Açığa alınan bazı arkadaşlarımızın hakikaten bu örgütle hiçbir alakası olmadığını bildiklerini söyleyen ERGEN “Bizim hükümet yetkililerinden, mülki erkandan, adli makamlardan talebimiz şudur:

 Kurunun yanında yaş yanmasın yazık olur bu bir kul hakkıdır. Gerçekten terör örgütüyle bir bağlantısı varsa, cumhurbaşkanına hakaret etmişse bunu hesabı sorulmalıdır bu konuda hepimiz ortak tavrımızı belirlemeliyiz. Özellikle geçmişte  Bank Asya’dan  kredi kullanıp kredisini kapatamayan devlet memurları var bunların iyi tespit edilmesi lazım. Eğer o tespiti adli merciler iyi yapamazsa bu ülkede mağdur edilen insanlar olursa bu bir kul hakkıdır, bu hakka da  kimsenin girmemesi gerektiğini düşünüyorum bu nedenle sorgulmanın çok iyi yapılması geriyor”dedi.

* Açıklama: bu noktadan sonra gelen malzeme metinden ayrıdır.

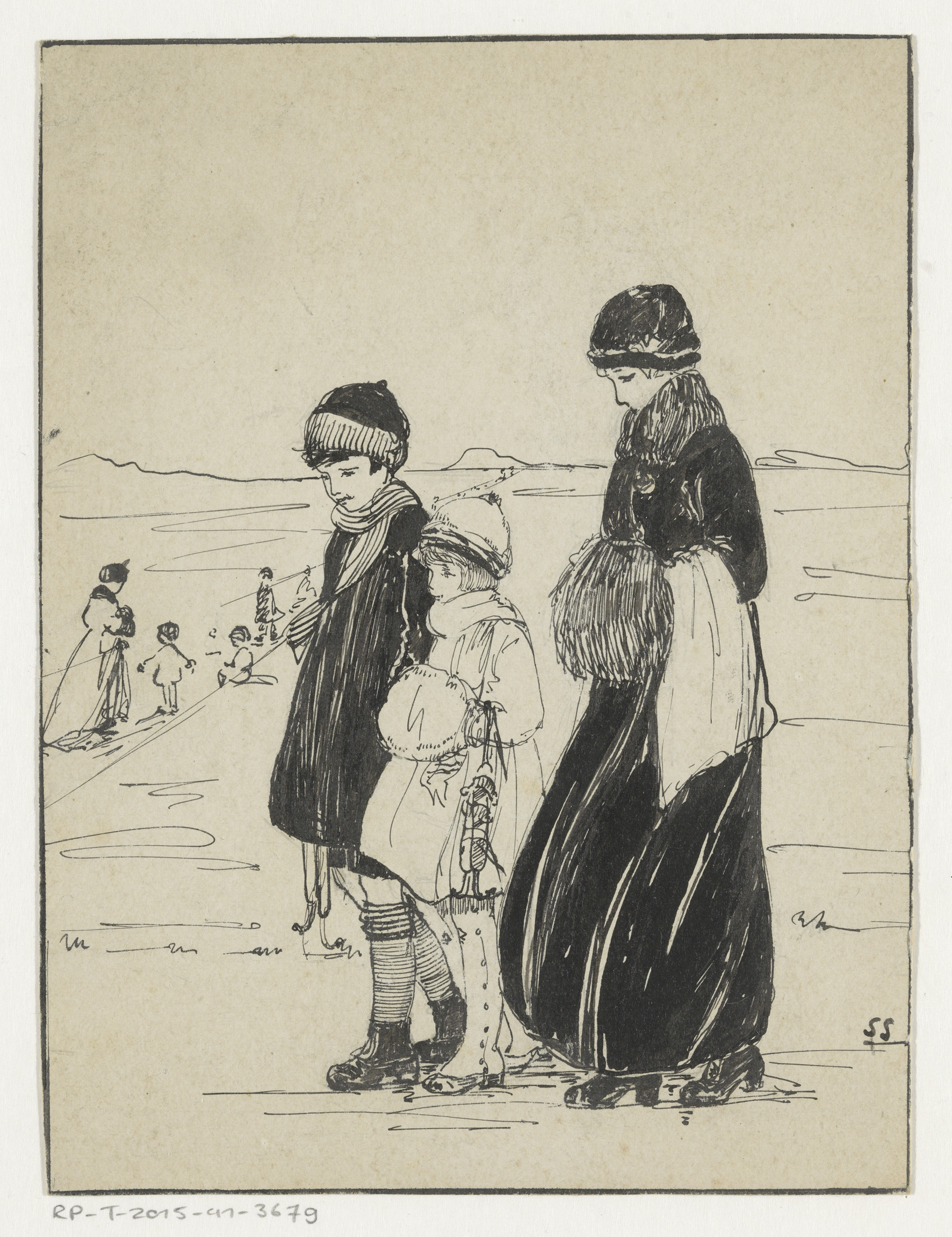 Vrouw en meisjes bij een schaatsbaan

 Bu ülkede bir ergenekon, terör örgütünün varlığından bahsedildi bizde inandık, hepimiz inandık zaten askere karşı biraz önyargısı da vardı askerler bu ülkenin evlatlarıdır, peygamber ocağıdır ama özellikle genelkurmay içerisinde bir takım üst düzey görevlilerinin özellikle imam hatiplerin askeri teşkilatlara alınmaması başörtülerinin açılması bu gibi şeyler türk halkını askerden biraz soğuttu. Böyle bir gelişme olunca ergenekonla ilgili bunlar hükümete karşı darbe girişiminde belli oldu, ergenekon vs. olunca hakikaten millet inandı bu nasıl olabilir askeriye içerisinde böyle odaklanmış insanlar varsa bunların bertaraf edilmesi gerektiği halk tarafından benimsendi. Fakat biz daha sonra gördük ki bu tamamen bir oyun ve bu oyun içerisinde Fettullah beyin örgütü var. Ve o tarihten sonra biz gerçekleri biraz daha farklı görmeye başladık özellikle 17-25 aralıktan sonra bunlar ortaya çıktı. Şimdi yine bi süreç var ve çok dikkatli olmak lazım yani bu askeriyede olabilir, diyanette olabilir, eğitimde olabilir farklı konularda olablir. İnsanlar tavsiye edilirken birilerinin sözüyle iki dudağının arasına kimsenin bırakılmaması lazım.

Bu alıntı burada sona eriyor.